Well, I would say it is not what it seems to be. Yes, maybe for the kings, but for other traditional rulers, it is a capital no. I, as a regent, didn’t perform any ritual to get onto my father’s throne. As a regent, when I leave the throne, rituals will be done for the new king that will be appointed. The thing is, many people feel that as a regent you are an idol, it is a wrong perception though. They don’t necessarily perform rituals for regents, and I think it is optional. As a Christian, I didn’t allow them to do that to me because I don’t want to do anything that will affect my faith.

What is the difference between a king and a regent?

They are almost the same thing; they play the same traditional role. A regent occupies the throne of a king and plays the role of a king, so I will say a regent is also a king. But the position of a regent is temporary. He stays in office until a king is installed.

What are the things considered taboo in your community?

I am a few six months on the throne, and I have not gone deeper. It is normal to have a taboo in Yoruba land or any other tribe. It is a pity that my dad didn’t last long on the throne. If he was still alive, I would have full details concerning the traditional roles and others.

Do you think your father’s death was a spiritual attack?

The truth is when the incident happened, we were scared because it was a shocking experience. It was one of the reasons I declined the offer to take over his throne. It was a sad one and I have never heard of such a thing in Yoruba land where a king will only reign for three days. When it happened, there were lots of rumours. We, his children, were scared, Some said it was a spiritual attack, but all I said was that God knows all, and he understands the situation. Anyone would have aligned the situation to a spiritual attack but I later found out from his doctor that he had hypertension and diabetes.

In Yoruba land, what happened to my father could be termed as a spiritual attack; it is a normal thing to. However, the kingdom’s lawyer and the family doctor told us that no one killed our father and that what killed him were health issues.

Did you have a conversation with him shortly before he passed on?

A day before the incident, my children and I went to his place to see him.
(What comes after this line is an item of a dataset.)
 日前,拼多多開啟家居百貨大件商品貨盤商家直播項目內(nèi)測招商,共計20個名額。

He never complained of any illness, and he even sent regards to my husband, asking me to thank him for being supportive during his coronation ceremony. We left there at about 5pm and there was nothing wrong with him.
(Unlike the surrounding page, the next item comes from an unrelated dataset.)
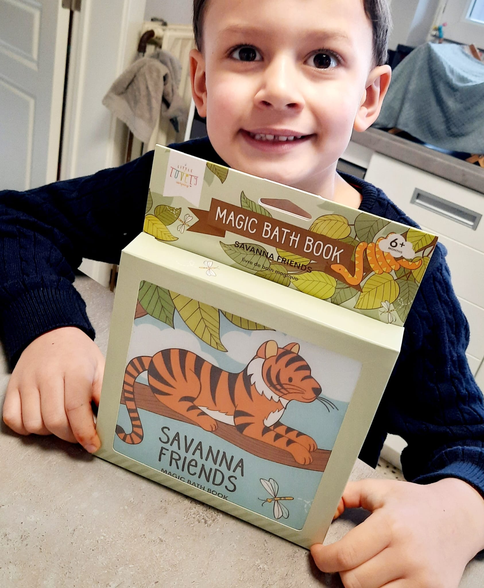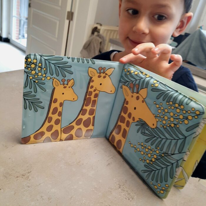 Ne vous détrompez pas, c’est bien un livre de bain. Vous pouvez l’offrir à votre enfant dès son plus jeune âge. Les couleurs apparaîtront au contact de l’eau.

I left him in the meeting he had with his chiefs that day. When I got home later in the night at about 9pm, I received a call from my younger brother that my dad had slumped and was rushed to the hospital. On getting to the hospital, he has already passed on.

Did you see his body?

We didn’t even see him at that point. When I got to the hospital, they didn’t allow me and my younger sister to enter the ward because he was already gone. When I later saw my mother, she narrated how he died in her presence, being the first wife. According to her, they were in the backyard of the house receiving fresh air, and were having a conversation; he was reading a piece when she discovered that the paper fell from his hands and he started jerking and fell on the floor and that was how she screamed to alert the chiefs and everyone in the palace.

As you said earlier, traditional rulers are restrained from doing many things. How do you relax?
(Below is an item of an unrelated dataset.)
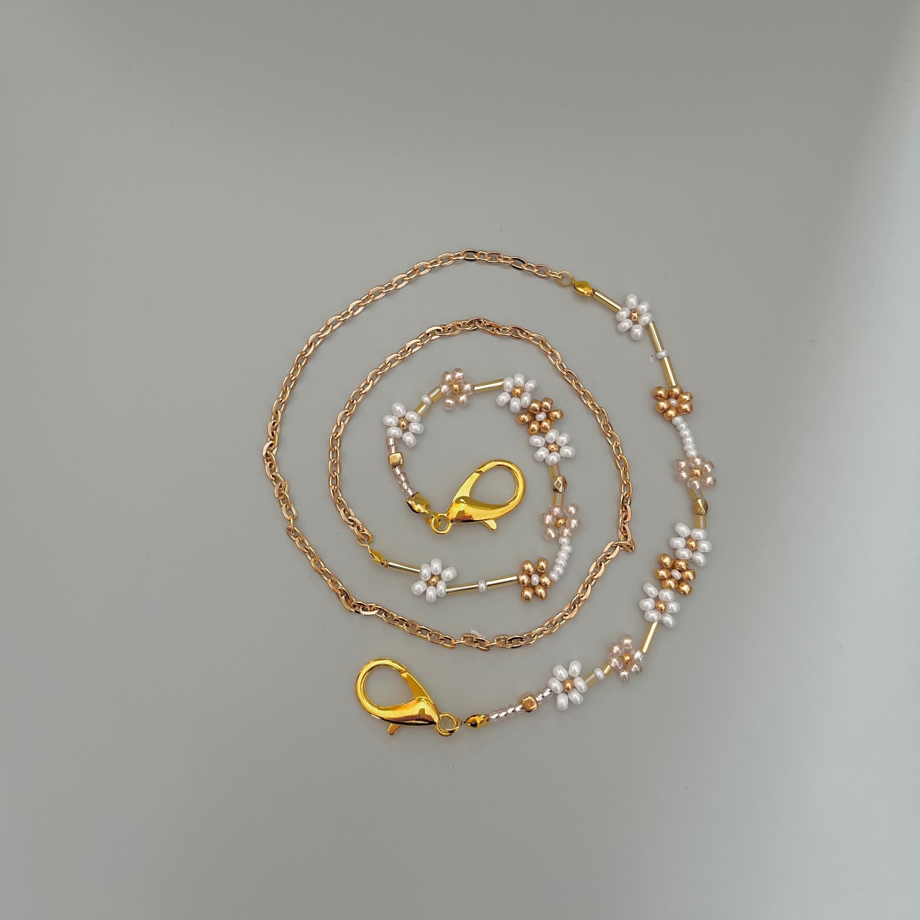 お花のモチーフやビーズを使用して、首まわりは可愛いチェーンにしました。

Well, coupled with the fact that I am married, I have children and a husband to give attention to. I still manage to balance all those activities and do not disturb my role as a regent. I still find the time to relax. I don’t necessarily have to be in the palace all day. I only go to the palace whenever I have something important to do.

What are some of the developments you have brought to your community as a regent?

Well, I have things to do, though none of them have been achieved now. I just started and with time, I will do something notable and I will be remembered for bringing good things to my people during my time.

What are the major issues facing your community that you would like to draw attention to?

The major issue we have now is the roads. Our roads are very bad, especially during the rainy season. We need light, a health center, a secondary school and a security post. Apart from all of these, my community is peaceful.